Bronchiolar disorders can be divided into 2 general categories: (1) airway disorders (cellular bronchiolitis and obliterative bronchiolitis) and (2) parenchymal disorders (respiratory bronchiolitis-interstitial lung disease, which occurs in smokers and is treatable with smoking cessation or corticosteroid therapy, and bronchiolitis obliterans organizing pneumonia, an inflammatory lung disease simultaneously involving the terminal bronchioles and alveoli). This article reviews the clinical findings and therapeutic management of bronchiolitis obliterans organizing pneumonia.

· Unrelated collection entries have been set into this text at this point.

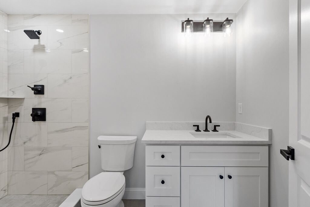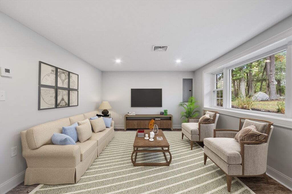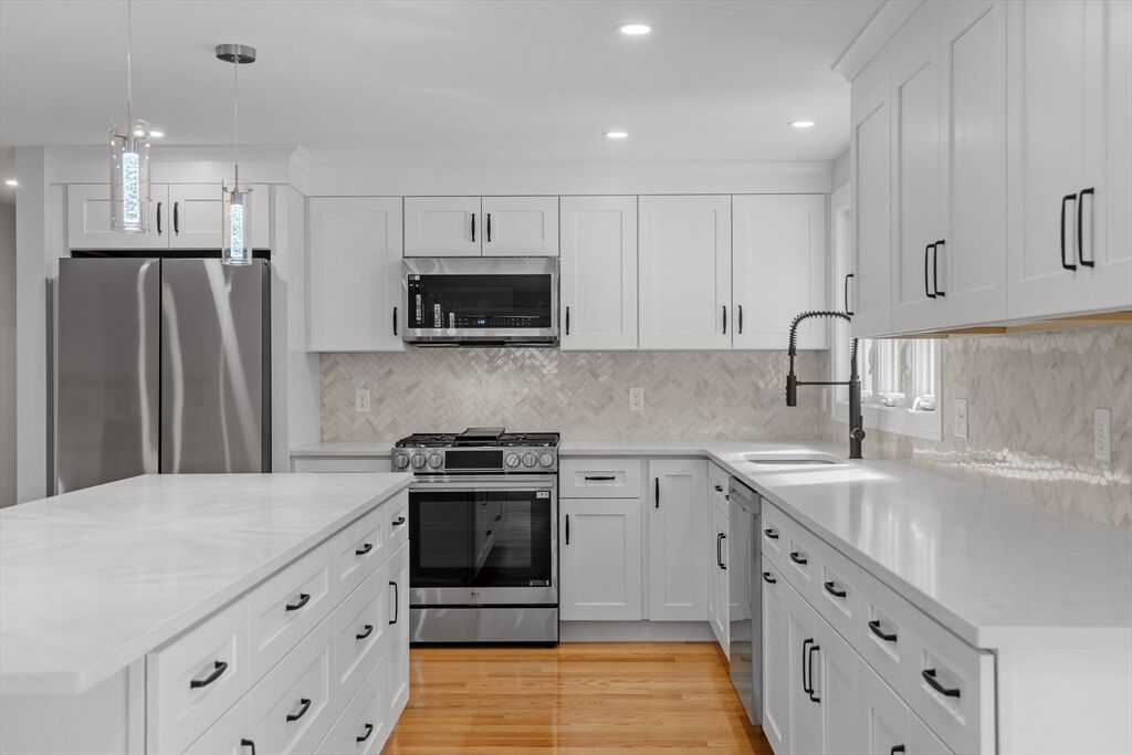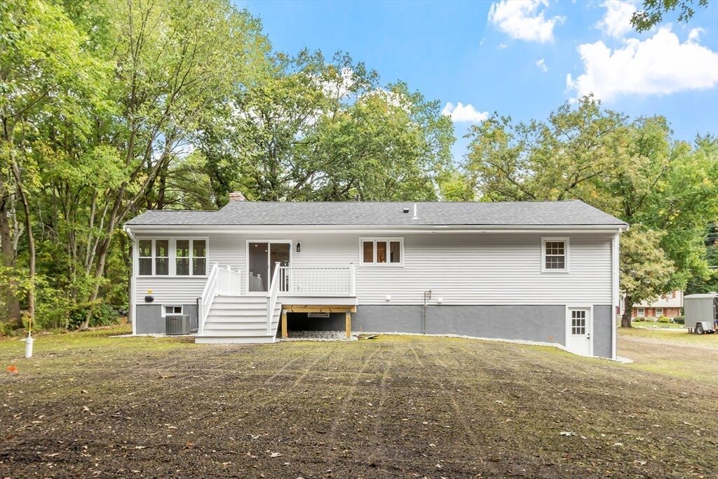 Discover this beautifully renovated raised ranch-style home, perfectly designed for modern living. This 3-bedroom, 3-bath residence sits on a spacious 1-acre lot & offers an open concept kitchen/dining/ living area that flows seamlessly into a sunlit sunroom. The gourmet quartz kitchen features a generous island, recessed lighting & stainless steel appliances, setting the stage for effortless entertaining. Hardwood floors span the first floor leading to a private main suite complete with a 3/4 bath & walk-in closet. A finished basement adds valuable living space, including a full bath, laundry, a welcoming living area, & an office space. Additional highlights include a 2-car garage, a large backyard with a deck, sprinkler system & professional landscaping. This home has undergone extensive updates, including a new septic, roof, siding, furnace/AC, & all interior finishes, ensuring peace of mind for years to come. Excellent commuter location with access to 93 and commuter rail.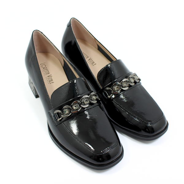 Czarne mokasyny na szerokim obcasie marki Loretta Vitale to model łączący elegancje, komfort i wysoką jakość. Wykonane z lakierowanej skóry licowej, te wsuwane półbuty damskie wyróżniają się na tle innych dzięki niepowtarzalnemu obcasowi, wysadzanemu mieniącymi się diamentami. Przód buta zdobi ozdobny łańcuszek, również pokryty lśniącymi kamieniami, co subtelnie podkreśla ich wyjątkowy design.
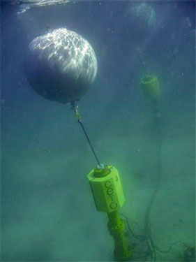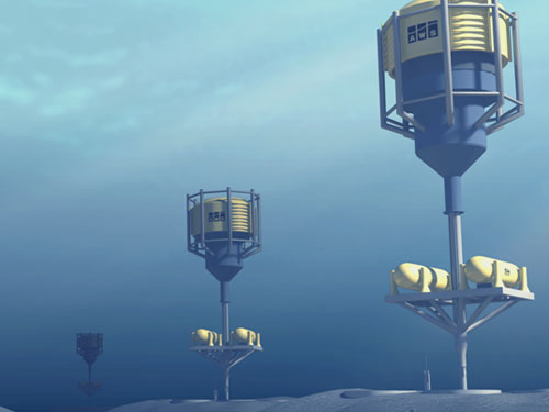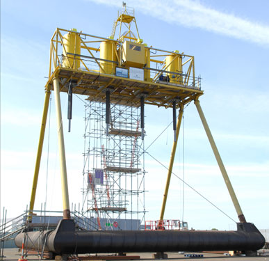 漂浮的平台--这个位于英国的漂浮平台当前正处于“待业”状态,等待2009年晚些时候被部署到东海岸。漂浮平台与立轴相连,立轴将在海浪的作用下上下移动,进而带动与之相连的发电机发电。

BACKGROUND: Although organizing pneumonia (OP) is a common pathological finding, studies including a substantial number of patients with idiopathic forms from a unique center and a long follow-up are rare.

OBJECTIVES: To determine patients with cryptogenic forms of organizing pneumonia (COP), in order to characterize their clinical course, to identify predictive factors for relapse and to assess their effect on outcome.

METHODS: For a 19-year period, all histopathological reports from a community teaching hospital were reviewed, and OP was found in 210 lung specimens belonging to 197 patients.

RESULTS: Thirty-three (17%) patients presented cryptogenic forms and 32 of them (97%) responded to steroid therapy. At follow-up, 14 patients presented no relapses (no-relapse group, NR) and 18 (56%) presented relapses (relapsing group, RG) that resolved with ulterior treatment. Multifocal opacities on chest X-ray (RG 83% vs. NR 36%, p = 0.02) appeared to be a predictor for relapse. Patients with relapses showed a shorter time span to chest X-ray normalization (RG 8 +/- 8 weeks vs. NR 13 +/- 9 weeks, p = 0.09) that became significant in patients with 3 or more relapses (multiple-relapse group, MR, 4 +/- 2 weeks vs. NR 13 +/- 9 weeks, p<0.04). Although the initial prednisone dose was similar in patients with relapsing forms, its maintenance was shorter than in patients without relapses, showing a trend to significance (RG 4 +/- 3 weeks, NR 7 +/- 6 weeks, p = 0.09). Lower levels of lactate dehydrogenase and gamma-glutamyltransferase, although always within the normal range, were found in patients with relapsing forms.

CONCLUSION: COP is a specific but infrequent form of OP with a good response to steroid therapy. Relapses are frequent and typical characteristics of COP which resolved with ulterior treatment. Multifocal opacities on chest X-ray and a shorter maintenance of the initial steroid dose may increase the risk of relapse.